#### PROVIDED DATA
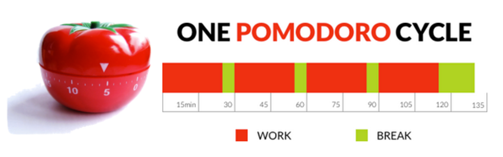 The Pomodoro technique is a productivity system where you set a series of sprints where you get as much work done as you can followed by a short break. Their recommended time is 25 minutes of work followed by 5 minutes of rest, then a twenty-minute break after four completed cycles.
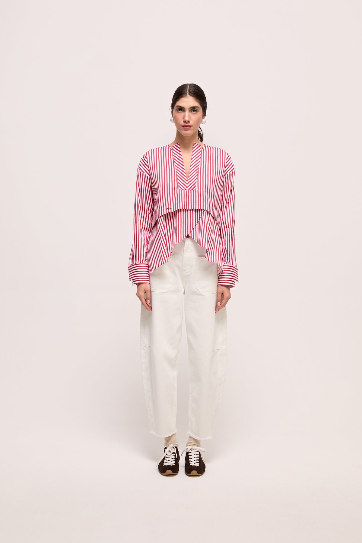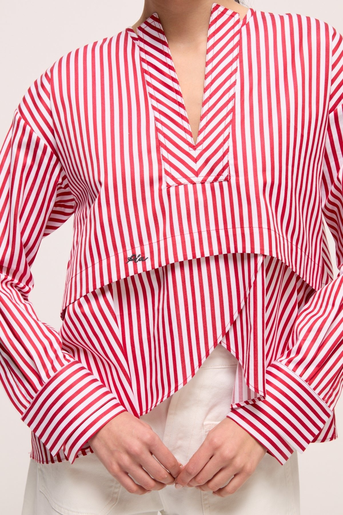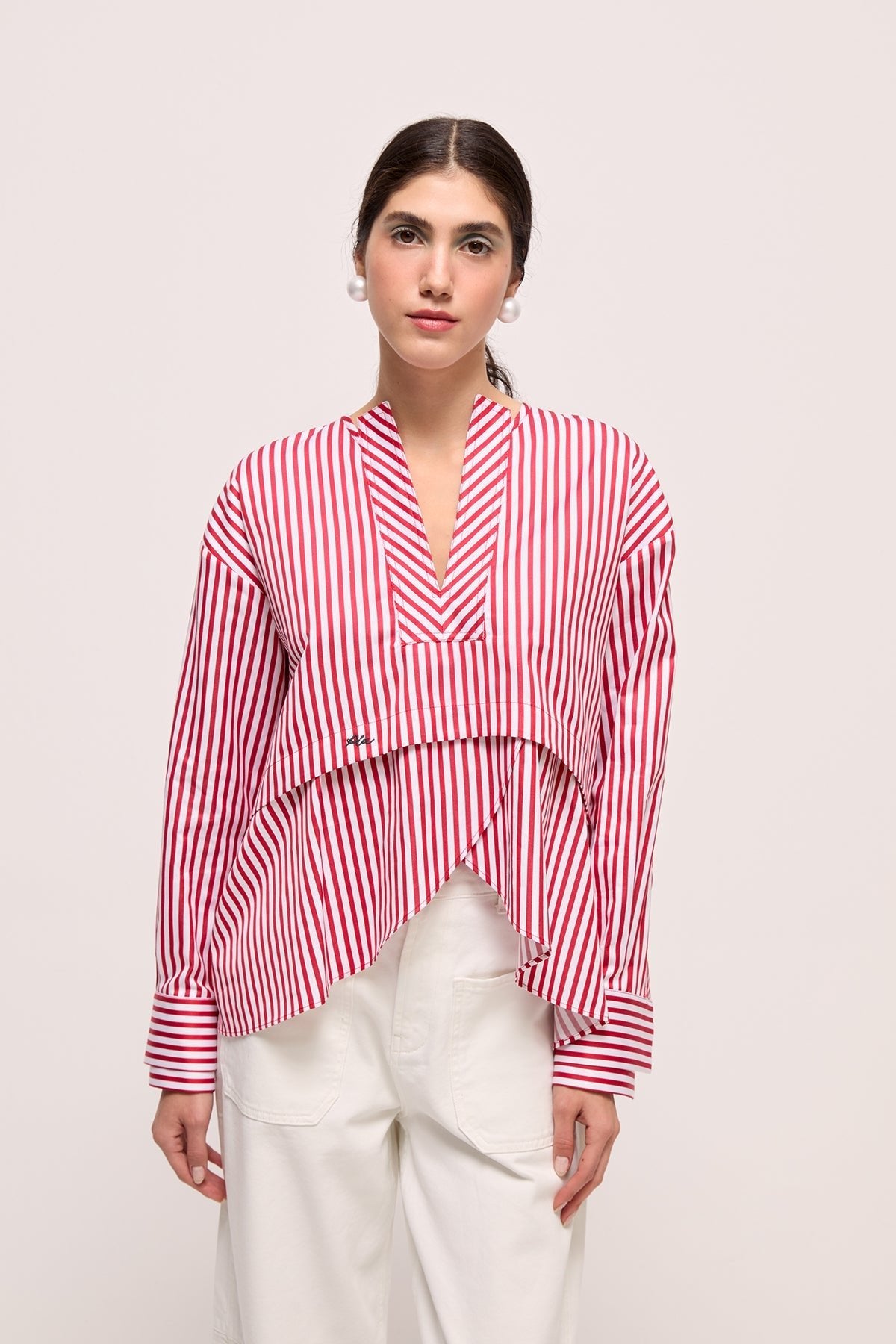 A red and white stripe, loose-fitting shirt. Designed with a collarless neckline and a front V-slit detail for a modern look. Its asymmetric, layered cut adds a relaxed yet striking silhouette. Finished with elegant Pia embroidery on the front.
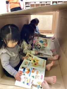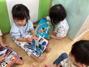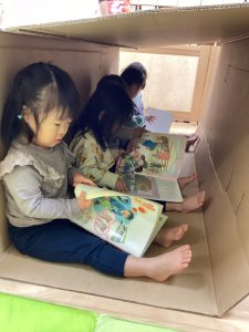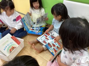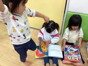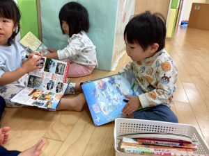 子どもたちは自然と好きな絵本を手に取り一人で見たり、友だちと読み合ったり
########
Exactly as written above, print every line of the data but not its pictures.

 The Pomodoro technique is a productivity system where you set a series of sprints where you get as much work done as you can followed by a short break. Their recommended time is 25 minutes of work followed by 5 minutes of rest, then a twenty-minute break after four completed cycles.
 A red and white stripe, loose-fitting shirt. Designed with a collarless neckline and a front V-slit detail for a modern look. Its asymmetric, layered cut adds a relaxed yet striking silhouette. Finished with elegant Pia embroidery on the front.
 子どもたちは自然と好きな絵本を手に取り一人で見たり、友だちと読み合ったり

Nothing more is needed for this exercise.